Lines from the line with "国家能源集团将加快推进资产、" to the line with "围墙屋檐下,挂着一个硕大的马蜂窝,上面的马蜂已经归巢,密密麻麻的一层。" in the entries below, and only those, must be output exactly, with both ends included.

• **Extracted entries**:
━━━━━━━━━━━━━━━━

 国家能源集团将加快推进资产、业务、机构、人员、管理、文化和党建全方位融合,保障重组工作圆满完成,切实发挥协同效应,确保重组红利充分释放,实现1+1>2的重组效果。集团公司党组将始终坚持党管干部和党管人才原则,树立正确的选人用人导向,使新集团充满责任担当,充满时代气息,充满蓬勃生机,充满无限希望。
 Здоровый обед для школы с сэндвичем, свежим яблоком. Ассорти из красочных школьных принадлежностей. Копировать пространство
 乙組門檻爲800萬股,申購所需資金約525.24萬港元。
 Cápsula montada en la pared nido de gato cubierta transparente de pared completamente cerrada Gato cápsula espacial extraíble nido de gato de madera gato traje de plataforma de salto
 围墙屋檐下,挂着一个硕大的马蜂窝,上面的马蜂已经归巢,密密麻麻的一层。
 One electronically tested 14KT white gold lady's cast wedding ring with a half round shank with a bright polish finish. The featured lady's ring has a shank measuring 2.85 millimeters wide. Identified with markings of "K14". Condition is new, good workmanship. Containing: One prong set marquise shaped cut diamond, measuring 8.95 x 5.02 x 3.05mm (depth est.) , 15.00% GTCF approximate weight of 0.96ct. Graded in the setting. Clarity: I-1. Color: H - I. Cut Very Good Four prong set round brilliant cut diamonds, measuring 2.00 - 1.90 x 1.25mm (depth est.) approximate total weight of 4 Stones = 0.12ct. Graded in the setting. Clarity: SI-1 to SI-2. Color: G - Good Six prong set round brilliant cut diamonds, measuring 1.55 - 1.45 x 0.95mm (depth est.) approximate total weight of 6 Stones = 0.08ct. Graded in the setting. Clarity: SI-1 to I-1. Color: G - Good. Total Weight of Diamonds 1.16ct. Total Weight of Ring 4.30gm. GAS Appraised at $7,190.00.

━━━━━━━━━━━━━━━━

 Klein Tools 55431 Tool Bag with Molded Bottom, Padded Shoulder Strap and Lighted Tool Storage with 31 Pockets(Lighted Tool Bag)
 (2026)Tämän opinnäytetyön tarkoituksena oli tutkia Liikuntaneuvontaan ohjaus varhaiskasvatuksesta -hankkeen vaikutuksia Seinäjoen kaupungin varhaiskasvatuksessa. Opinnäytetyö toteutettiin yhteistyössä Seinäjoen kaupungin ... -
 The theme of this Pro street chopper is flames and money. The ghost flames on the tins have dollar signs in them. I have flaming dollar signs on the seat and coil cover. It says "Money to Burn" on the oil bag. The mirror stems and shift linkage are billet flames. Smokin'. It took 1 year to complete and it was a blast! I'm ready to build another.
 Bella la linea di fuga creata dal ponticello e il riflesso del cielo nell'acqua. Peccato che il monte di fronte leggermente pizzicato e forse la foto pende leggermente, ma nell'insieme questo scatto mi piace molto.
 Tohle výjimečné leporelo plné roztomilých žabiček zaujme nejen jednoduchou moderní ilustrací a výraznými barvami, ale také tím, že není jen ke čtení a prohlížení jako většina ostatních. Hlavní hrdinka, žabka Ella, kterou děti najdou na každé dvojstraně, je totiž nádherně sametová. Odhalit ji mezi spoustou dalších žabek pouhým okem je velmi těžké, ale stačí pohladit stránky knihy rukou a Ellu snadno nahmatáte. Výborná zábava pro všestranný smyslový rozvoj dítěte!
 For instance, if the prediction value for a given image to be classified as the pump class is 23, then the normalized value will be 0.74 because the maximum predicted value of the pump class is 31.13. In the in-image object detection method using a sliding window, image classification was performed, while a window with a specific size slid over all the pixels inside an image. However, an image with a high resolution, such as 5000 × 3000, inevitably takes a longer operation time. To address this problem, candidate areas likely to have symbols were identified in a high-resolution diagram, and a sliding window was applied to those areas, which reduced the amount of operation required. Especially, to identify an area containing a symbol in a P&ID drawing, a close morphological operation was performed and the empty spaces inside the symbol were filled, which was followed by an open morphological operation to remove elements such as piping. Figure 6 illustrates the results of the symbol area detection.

━━━━━━━━━━━━━━━━

• **Result for this task**:
 国家能源集团将加快推进资产、业务、机构、人员、管理、文化和党建全方位融合,保障重组工作圆满完成,切实发挥协同效应,确保重组红利充分释放,实现1+1>2的重组效果。集团公司党组将始终坚持党管干部和党管人才原则,树立正确的选人用人导向,使新集团充满责任担当,充满时代气息,充满蓬勃生机,充满无限希望。
 Здоровый обед для школы с сэндвичем, свежим яблоком. Ассорти из красочных школьных принадлежностей. Копировать пространство
 乙組門檻爲800萬股,申購所需資金約525.24萬港元。
 Cápsula montada en la pared nido de gato cubierta transparente de pared completamente cerrada Gato cápsula espacial extraíble nido de gato de madera gato traje de plataforma de salto
 围墙屋檐下,挂着一个硕大的马蜂窝,上面的马蜂已经归巢,密密麻麻的一层。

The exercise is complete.